The company must have a registered office in The Republic of Cyprus.
This does not mean that you need to set up an administrative office, our office can be used as the registered office of your company.
The Republic of Cyprus applies a minimum share capital requirement.
In practise the authorised and issued share capital of a new company is usually at least 1,000 shares at €1 each. Shares need not be paid up. Bearer shares are prohibited.
3 weeks. Shelf companies are available.
Accounting and auditing:
According to tax legislation, every corporate entity of The Republic of Cyprus deriving its income from any profit or other benefits is required to maintain accounting and prepare financial statements. These must be according to the applicable accounting regulations and IFRS (International Financial Reporting Standards) for submission to the Registrar of Companies.
Tax declarations prepared according to the results of the financial statements are presented to the Inland Revenue Department of the Republic of Cyprus.
Holding companies with subsidiaries must consolidate their financial statements according to IFRS.
All companies, whether operational or not, must submit financial statements for auditing to a certified auditor of The Republic of Cyprus and obtain the auditor’s opinion.
Audited financial statements must be submitted to the Company Registrar within one year after the end of the financial period.
If the company has no operations during the financial period it must submit to the Registrar of Companies the relevant return and tax declaration (“zero report”).
Late submission of financial reports incurs penalties.
Companies of The Republic of Cyprus must submit an annual return containing information on shareholders and directors, secretary, liabilities of the company, its registered office, etc. to the Company Registrar.
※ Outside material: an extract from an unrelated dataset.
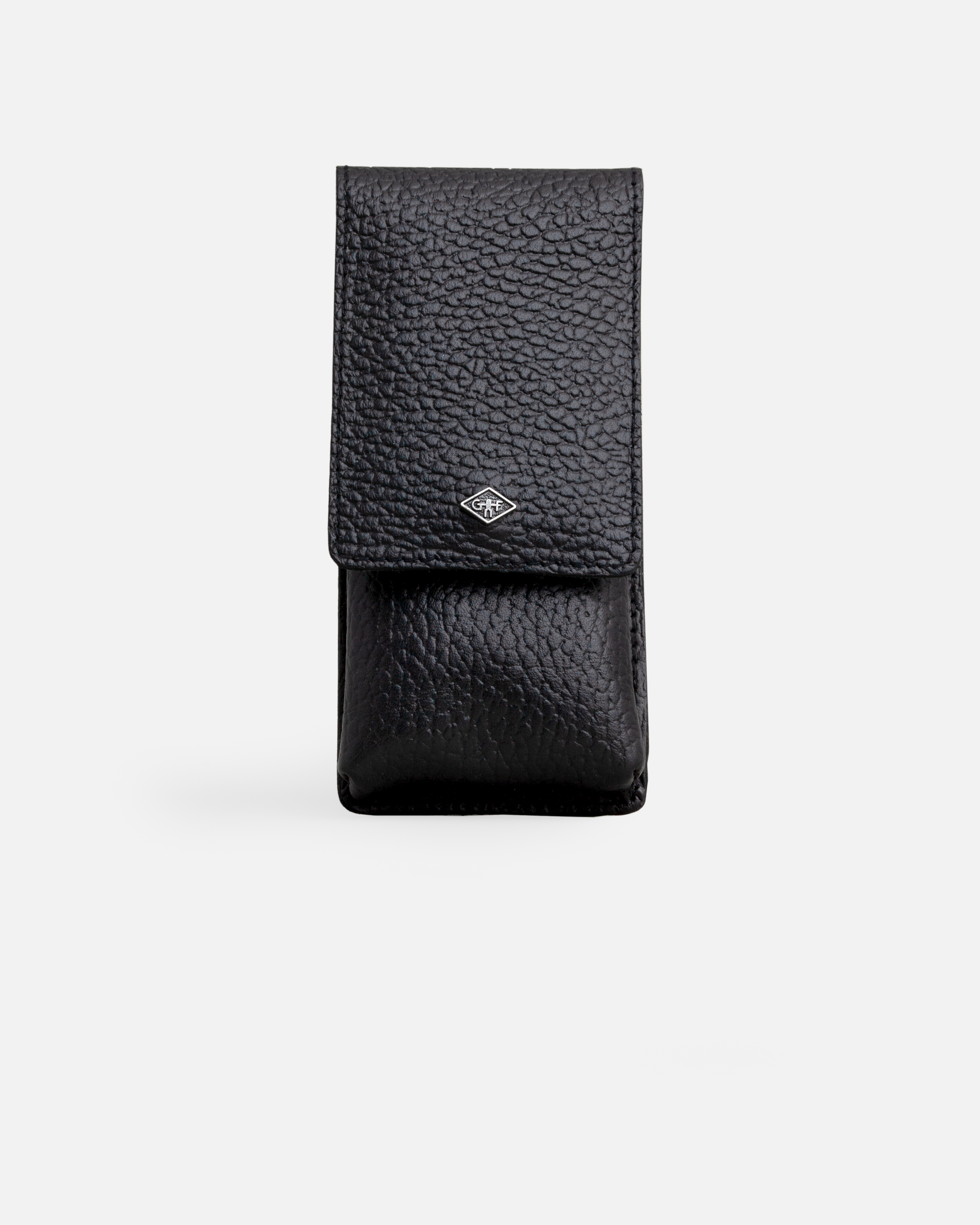Das hochwertige Etui besteht aus echtem, durchgefärbtes Vollleder (kein geprägter Kunststoff). Auf Kleber haben wir komplett verzichtet, alle Teile des Etuis sind stabil genäht. Das Etui färbt nicht ab und kann auch in Nassräumen verwendet werden. Die von uns ausgesuchte Materialkombination sorgt für einen strapazierfähigen und langlebigen Einsatz.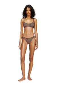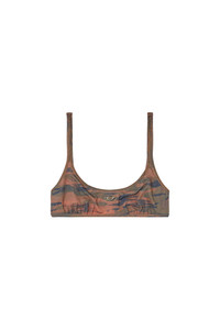 Product Description This women’s bikini top is made from recycled stretch fabric with a finely ribbed texture and utilitarian camouflage print. It has a sporty crop top shape and tiny peekaboo cut-outs created with the metallic Oval D logo on the front. ID: A175650KLAQ Size & Fit Model is wearing a size S and is 175 cm / 5'7'' Check the size chart to choose the correct size. Materials & Details Composition: 84%Polyester 16%Elastane-Spandex Non-adjustable straps Recycled stretch lining

This return must be presented within 42 days after the general meeting of shareholders.
In the event of late submission of the returns the Registrar of Companies suspends the issue of certificates required for operation.
Companies submitting audited financial statements may be required to present the reports electronically.
All value added tax registered companies must submit a VAT declaration within 10 days after the end of the month following the end of the tax period.
Financial statements and accounting books must be kept for at least 6 years at the registered office of the company and must be accessible for official inspection at any time.
Information in the registers:
The Company Register of The Republic of Cyprus is open to the public. Information on directors, shareholders and financial statements of companies are freely accessible.
It is recommended to use nominees to preserve total confidentiality.